Table 2 lists the main results of this meta-analysis. A total of 1928 patients with POAG and 1793 unrelated matched controls from the nine studies were included in this meta-analysis. Overall, no significant main effects on POAG susceptibility were observed in the overall population in any of the allelic comparison models (ε2 vs ε3: OR = 1.034, 95% CI = 0.871-1.227; ε4 vs ε3: OR = 1.045, 95% CI = 0.807-1.353) or genotypic comparison models (ε2/2 vs ε3/3: OR = 0.950, 95% CI = 0.482-1.871; ε2/3 vs ε3/3: OR = 0.964, 95% CI = 0.706-1.317; ε4/4 vs ε3/3: OR = 1.339, 95% CI = 0.763-2.350; ε3/4 vs ε3/3: OR = 0.917, 95% CI = 0.637-1.321; ε2/2 + ε2/3 vs ε3/3: OR = 1.025, 95% CI = 0.842-1.248; ε2/2 vs ε3/3+ ε2/3: OR = 0.979, 95% CI = 0.499-1.920; ε3/4 + ε4/4 vs ε3/3: OR = 0.938, 95% CI =0.655-1.342; ε4/4 vs ε3/3 + ε3/4: OR = 1.325, 95% CI = 0.757-2.321). Figure 2A and 2B illustrate the overall meta-analysis of the APOE ε2/ε3/ε4 polymorphism and POAG risk for the allelic comparison models.

Table 2. Determination of the genetic effect of APOE ε2/ε3/ε4 polymorphism on POAG and subgroup analyses.

Genetic Contrasts   Comparisons   Studies   (n) Heterogeneity   test
 Model selected OR(95%CI)
P value   I2
ε2 vs ε3 Overall 9 0.217 25.4 Fixed 1.034 (0.871,1.227)

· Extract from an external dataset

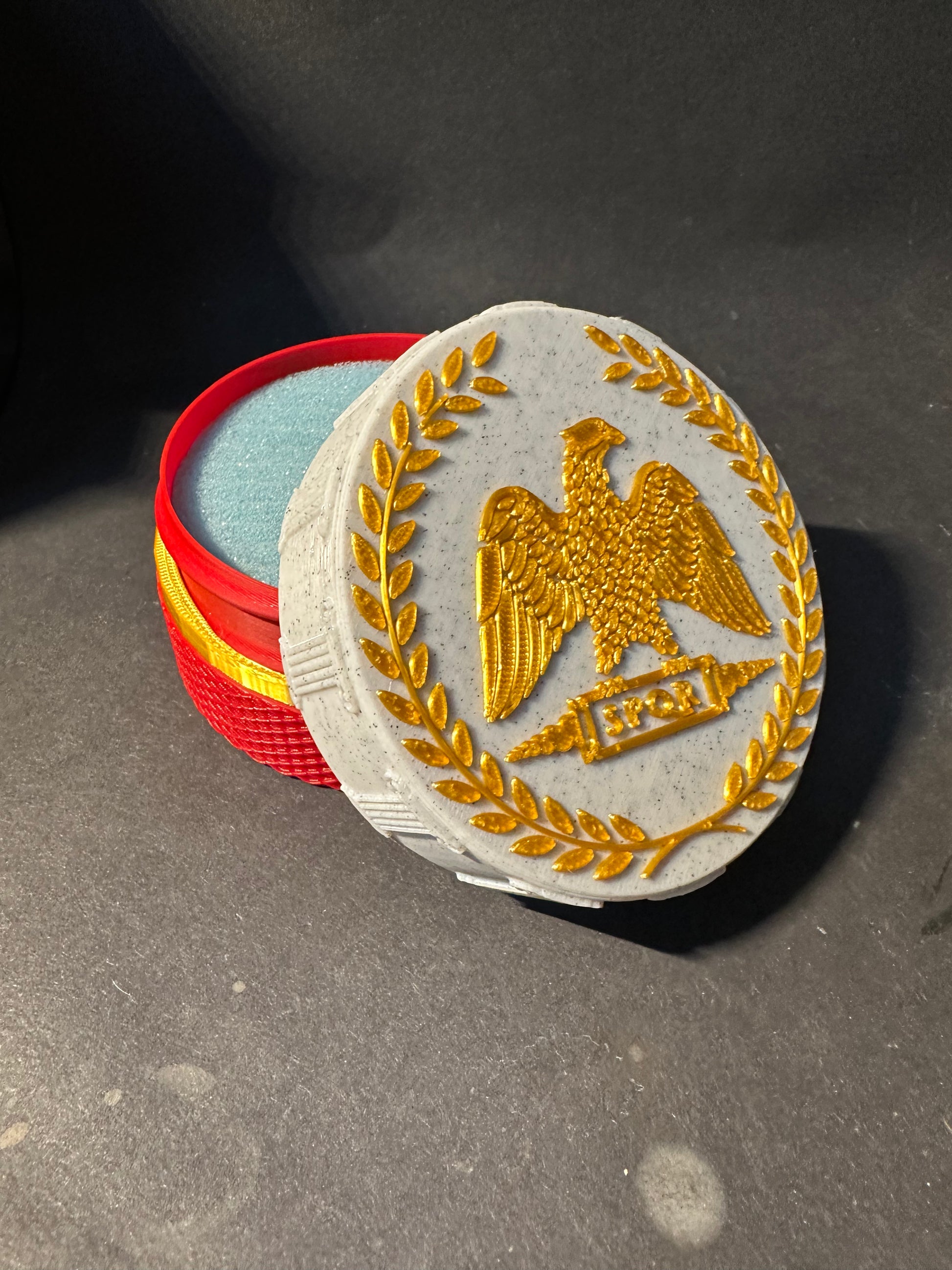 Roman coin case with a criss cross design on the bottom half and a marble effect top with Roman pillars around the edge.

Caucasian 3 0.23 32 Fixed 1.118 (0.827,1.513)
Asian 5 0.213 31.3 Fixed 1.038 (0.835,1.290)
ε4 vs ε3 Overall 9 0 72.5 Random 0.965(0.700,1.329)

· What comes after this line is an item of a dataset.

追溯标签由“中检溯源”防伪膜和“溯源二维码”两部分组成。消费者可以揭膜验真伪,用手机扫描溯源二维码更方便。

Caucasian 3 0.592 0 Fixed 1.045(0.807,1.353)
Asian 5 0 81.6 Random 0.913(0.540,1.544)
ε2/2 vs ε3/3 Overall 9 0.992 0 Fixed 0.950(0.482,1.871)
Caucasian 3 0.727 0 Fixed 0.870(0.280,2.705)

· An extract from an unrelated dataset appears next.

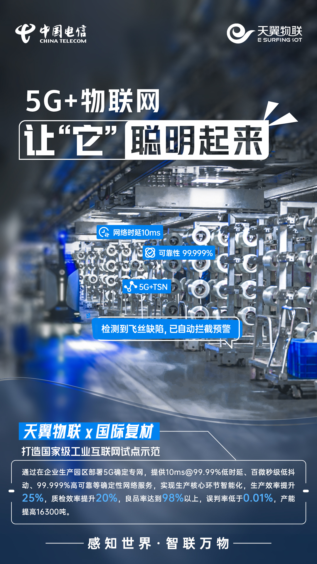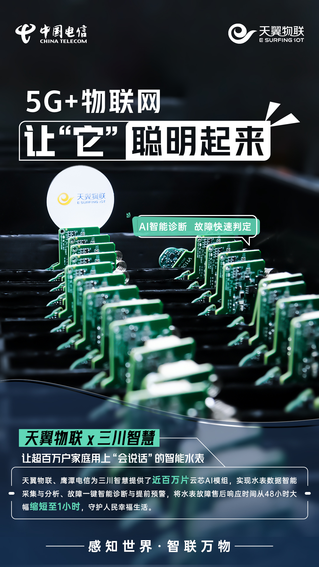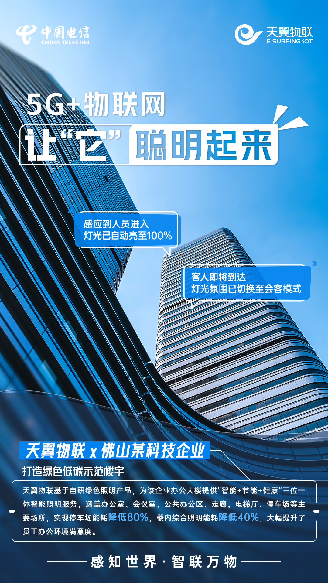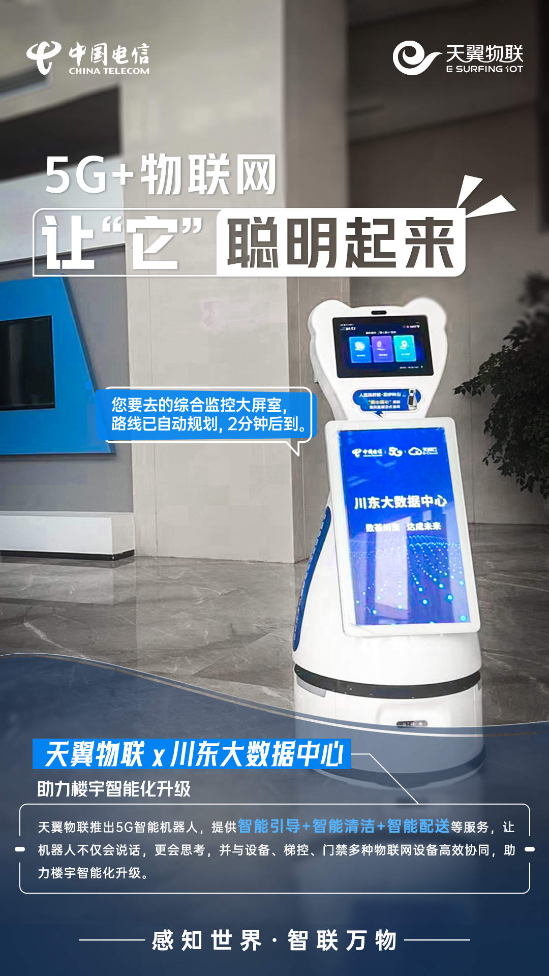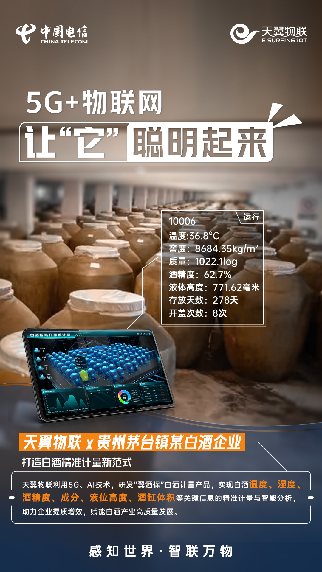 近年来,中国电信天翼物联坚持科技引领,充分利用5G+物联网技术为万物赋“灵”,让随处可见的“它”,不仅能感知,会说话,还擅长思考,变成聪明灯、聪明酒、聪明水、聪明车间、聪明楼宇、聪明城市,以应用场景创新推动科技成果转化为现实生产力,为加快打造人、机、物智能互联的新型信息基础设施贡献力量。

Asian 5 0.932 0 Fixed 1.046(0.363,3.018)
ε2/3 vs ε3/3 Overall 9 0.037 51.3 Random 0.964(0.706,1.317)
Caucasian 3 0.265 24.7 Fixed 1.092(0.758,1.574)
Asian 5 0.053 57.1 Fixed 1.060(0.830,1.355)
ε2/2 + ε2/3 vs ε3/3 Overall 9 0.059 46.6 Fixed 1.025(0.842,1.248)
Caucasian 3 0.24 30 Fixed 1.063(0.742,1.523)
Asian 5 0.052 57.5 Fixed 1.062(0.832,1.356)
ε2/2 vs ε3/3 + ε2/3 Overall 9 0.994 0 Fixed 0.979(0.499,1.920)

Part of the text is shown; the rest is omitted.